In 1785, Henrietta gave birth to a daughter, Caroline. Lady Spencer stayed with them for ten days to help care for the child, finding that Caroline only slept when sleeping with her grandmother. Lady Spencer departed when she was satisfied that mother and daughter were "vastly well," although she often returned to visit the family. She took an active role in Caroline's upbringing. Lady Spencer died on 18 March 1814 at St. Albans, and was buried twelve days later at Brington, Northamptonshire.

==Family==
With John Spencer, 1st Earl Spencer, Georgiana Poyntz had five children (including two daughters who died in infancy).

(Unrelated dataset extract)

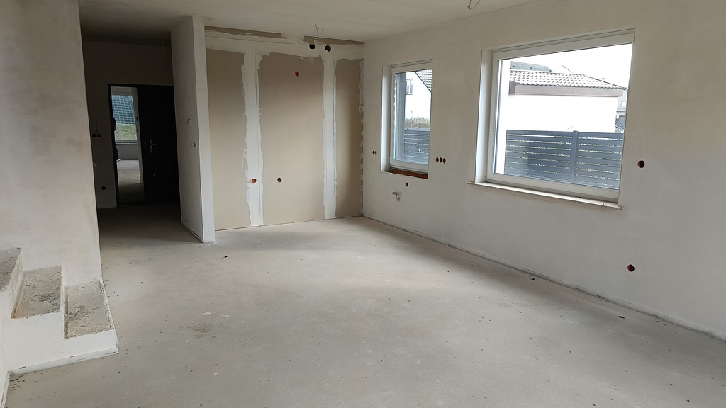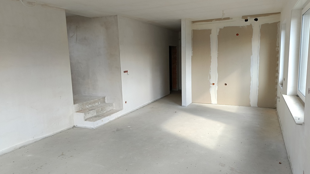 - Na podłogach wylewka betonowa gotowa do położenia na niej płytek lub paneli;

- Lady Georgiana Spencer (7 June 1757-1806), married William Cavendish, 5th Duke of Devonshire, and had issue.
- George John Spencer, 2nd Earl Spencer (1758-1834), married Lady Lavinia Bingham, daughter of Charles Bingham, 1st Earl of Lucan, and had issue.
- Lady Henrietta Frances Spencer (1761-1821), married Frederick Ponsonby, 3rd Earl of Bessborough, and had issue.
- Lady Charlotte Spencer (1765-1766), died in infancy.
- Lady Louisa Spencer (4 April 1769-17 April 1769), died in infancy.